Because studies using high-field magnets (≥3T) and applying both spectroscopy and DTI to the same patients with suspected ALS are still rare,^22,23 reviews regarding congruent or incongruent results of both techniques are essential. In the present study, MR spectroscopy and DTI agreement was high: Markedly reduced FA with corresponding NAA reductions occurred in all clinically definite/probable patients with ALS, with a total of only 3 divergent findings. Furthermore, so far FA measurements were confined to a limited number of CST levels only.²¹ FA and MD data in our study were collected along the whole CST at levels of the brain stem, the internal capsule, the corona radiata, and the precentral gyrus and revealed changes in several adjacent regions that are complementary to abnormalities detected by the (centrally placed) spectroscopic VOI. We also calculated FA and MD statistics for the tracked CST as whole objects in all patients and controls. Most interesting, this approach yielded no larger FA or MD differences for the entire CST but showed a significant reduction of CST voxels toward the possible and definite groups, as has been indicated by volumetric analyses earlier.⁴⁶ It may well be that the results of fiber tracking algorithms in patients with motor neuron disease predominantly reveal unchanged CST remainders, which are consecutively composed of smaller amounts of voxels and throughout which diffusion characteristics are not significantly altered compared with healthy subjects. Macroscopic abnormalities in structural MR images predominantly occur in advanced stages of the disease. Thus, DTI-based CST volumetry or voxel-based morphometry⁴⁷ may be able to detect structural changes earlier than it would be possible by relying on visually recognizable anatomic MR imaging signs alone.

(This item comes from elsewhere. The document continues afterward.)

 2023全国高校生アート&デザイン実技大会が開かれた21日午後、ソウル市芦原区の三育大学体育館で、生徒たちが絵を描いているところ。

It has been a matter of debate whether MD elevation reflects more chronic changes in the disease process of ALS. In this study, significant MD elevation only was observed at the internal capsule for the clinically probable and definite patients. MD differences tend to be lost caudally in the CST⁴⁸ and, furthermore, could not be ascertained by other groups.²² For the motor region and centrum semiovale, it is questionable whether MD changes correlate with disease processes or are not rather due to extracellular volume increases in the course of atrophic changes.

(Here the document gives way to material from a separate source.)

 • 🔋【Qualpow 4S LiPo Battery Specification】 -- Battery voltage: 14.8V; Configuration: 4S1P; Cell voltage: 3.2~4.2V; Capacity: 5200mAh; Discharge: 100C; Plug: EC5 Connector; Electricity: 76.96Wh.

As shown in our previous ALS studies using MR spectroscopy, the NAA/Cho metabolite ratio served as a robust parameter with good discriminatory power for patient subgroups.^8,9 Single-voxel spectroscopy in combination with DTI was used rather than spectroscopic imaging because of its inherent higher signal-intensity-to-noise ratio (96 averages were used as a maximum for our measurements) and the possibility for a reliable absolute quantification of metabolites. However, evaluation with MR spectroscopy alone is inferior to the MR spectroscopy/DTI combination, as is well illustrated by the pathologic MR spectroscopy findings in the patient with Kennedy syndrome (who had normal FA), which could have lead to the erroneous assumption of motor neuron disease (whereas there is a normal average life expectancy in the case of SBMA; pathologic MR spectroscopy findings in Kennedy disease have been reported earlier⁴⁹).

Conclusion

The MR spectroscopy/DTI combination at 3T effectively adds to the detection of motor neuron disease and improves diagnostic confidence.